#### [About this exercise]
Verbatim copy, pictures excluded: every line from the one with "本文关于广东省公安厅交通管理局的简介就讲解完毕,希望对大家有所帮助。" through the final line of the data below, and no other line.

#### [Data]
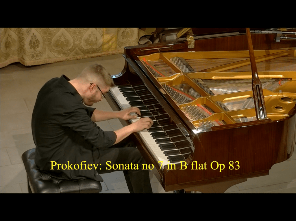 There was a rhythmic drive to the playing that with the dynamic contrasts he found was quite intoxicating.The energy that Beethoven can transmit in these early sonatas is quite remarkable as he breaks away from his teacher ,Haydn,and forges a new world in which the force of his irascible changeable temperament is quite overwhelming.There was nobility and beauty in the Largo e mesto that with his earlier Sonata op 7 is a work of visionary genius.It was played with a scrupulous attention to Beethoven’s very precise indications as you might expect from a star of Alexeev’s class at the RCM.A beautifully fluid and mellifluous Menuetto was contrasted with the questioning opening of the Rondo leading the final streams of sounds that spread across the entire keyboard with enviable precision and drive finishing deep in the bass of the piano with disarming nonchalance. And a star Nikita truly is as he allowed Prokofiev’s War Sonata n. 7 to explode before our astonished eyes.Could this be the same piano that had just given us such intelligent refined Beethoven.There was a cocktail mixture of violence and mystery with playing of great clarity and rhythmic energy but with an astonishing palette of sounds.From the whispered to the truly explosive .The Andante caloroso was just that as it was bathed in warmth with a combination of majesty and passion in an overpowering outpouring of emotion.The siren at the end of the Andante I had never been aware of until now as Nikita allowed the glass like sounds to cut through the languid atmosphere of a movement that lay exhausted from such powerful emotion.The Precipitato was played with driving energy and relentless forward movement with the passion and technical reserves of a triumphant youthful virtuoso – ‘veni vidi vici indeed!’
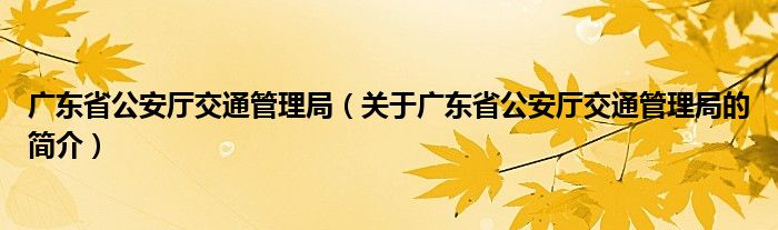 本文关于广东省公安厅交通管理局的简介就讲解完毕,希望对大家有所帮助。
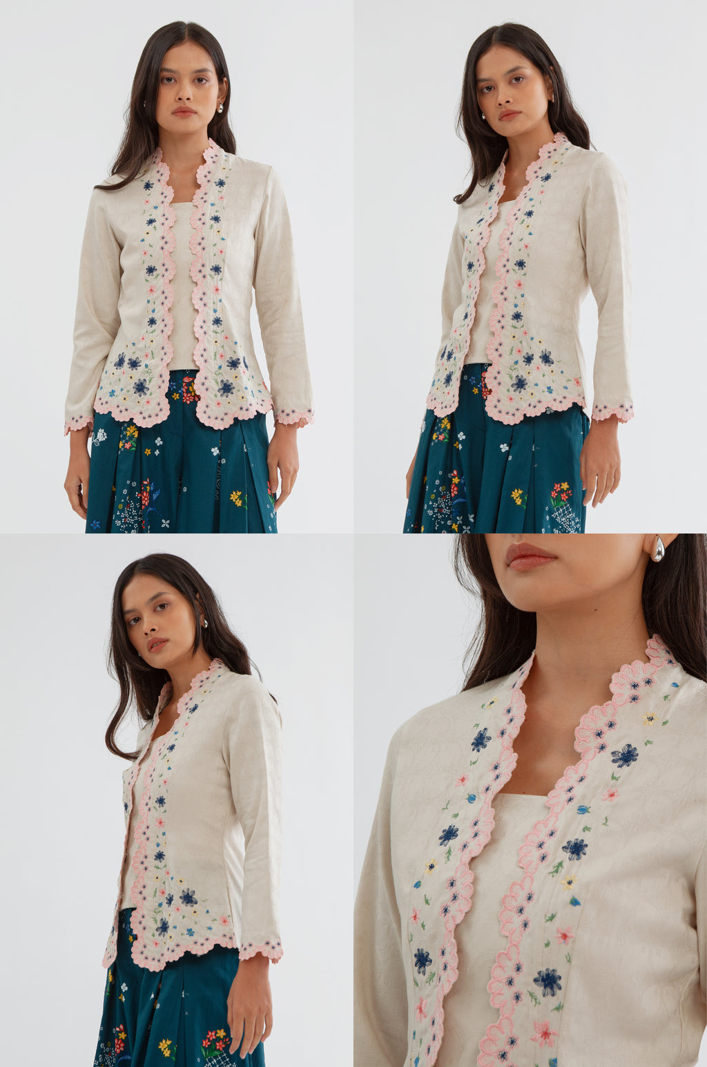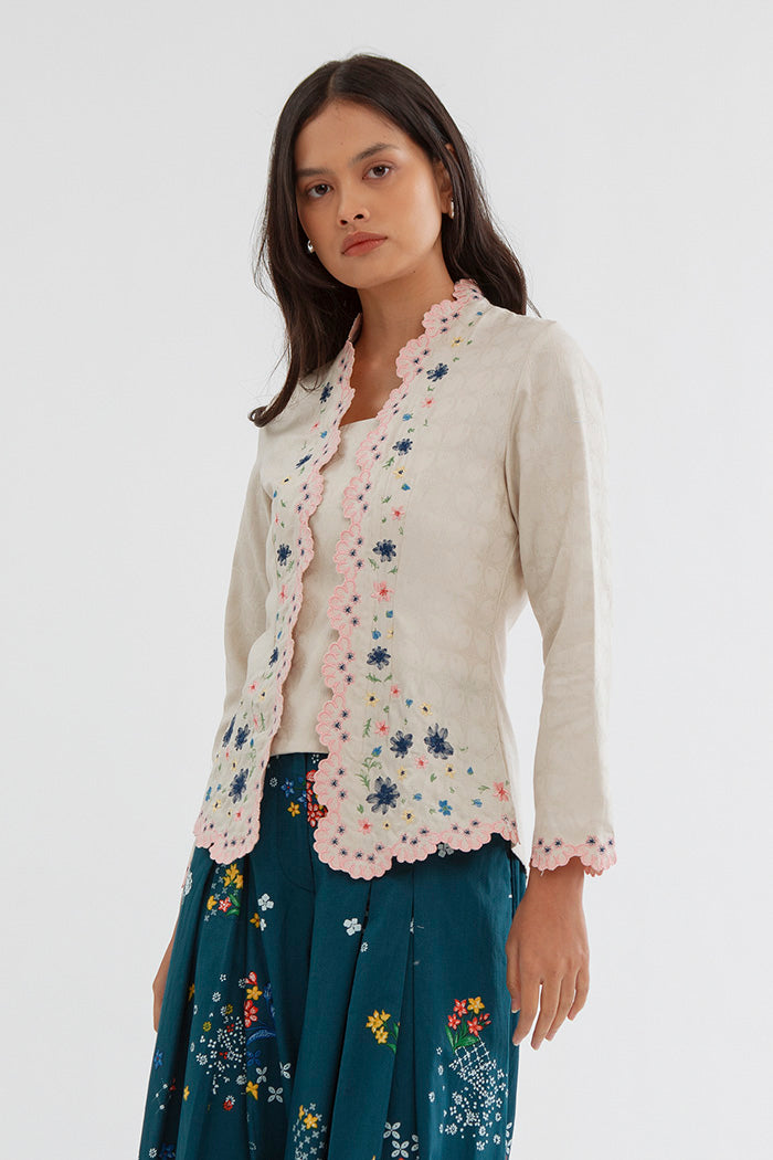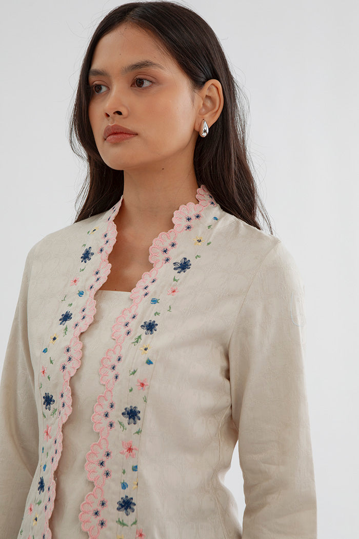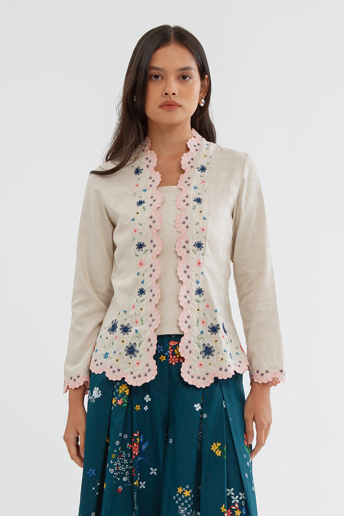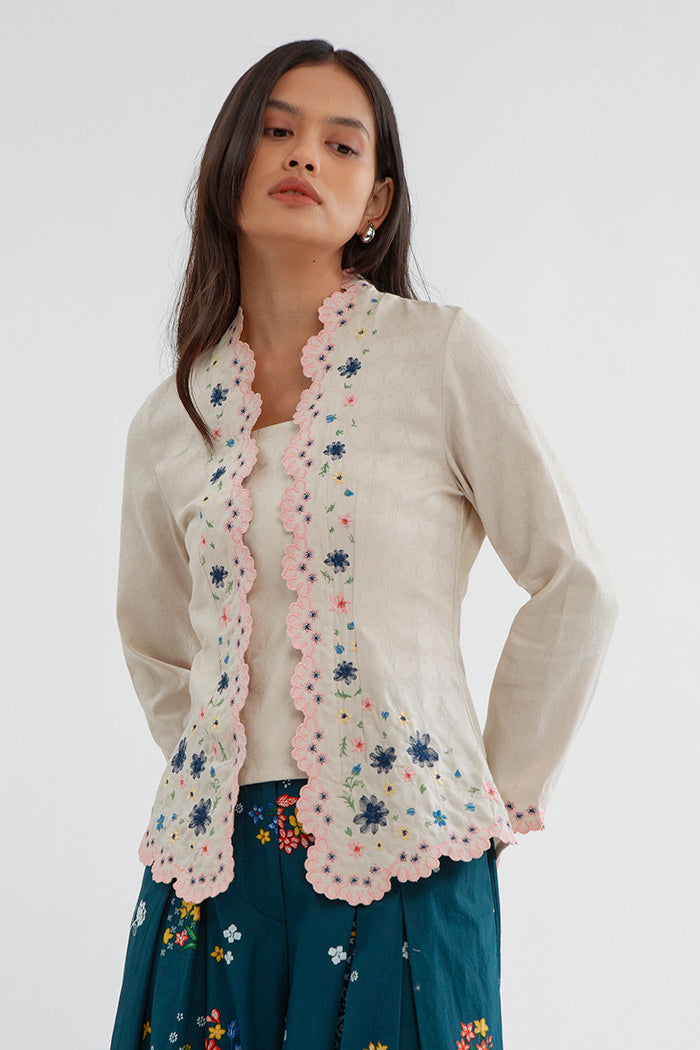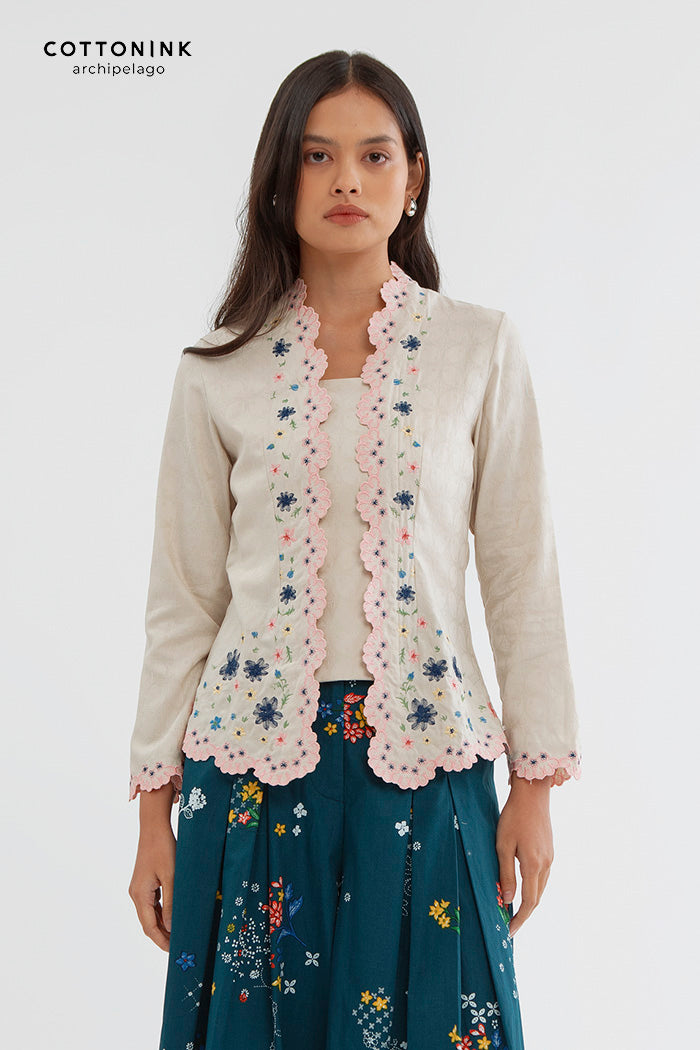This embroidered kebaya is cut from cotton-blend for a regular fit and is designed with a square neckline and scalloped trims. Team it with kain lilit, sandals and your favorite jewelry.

#### [The completed task]
 本文关于广东省公安厅交通管理局的简介就讲解完毕,希望对大家有所帮助。
This embroidered kebaya is cut from cotton-blend for a regular fit and is designed with a square neckline and scalloped trims. Team it with kain lilit, sandals and your favorite jewelry.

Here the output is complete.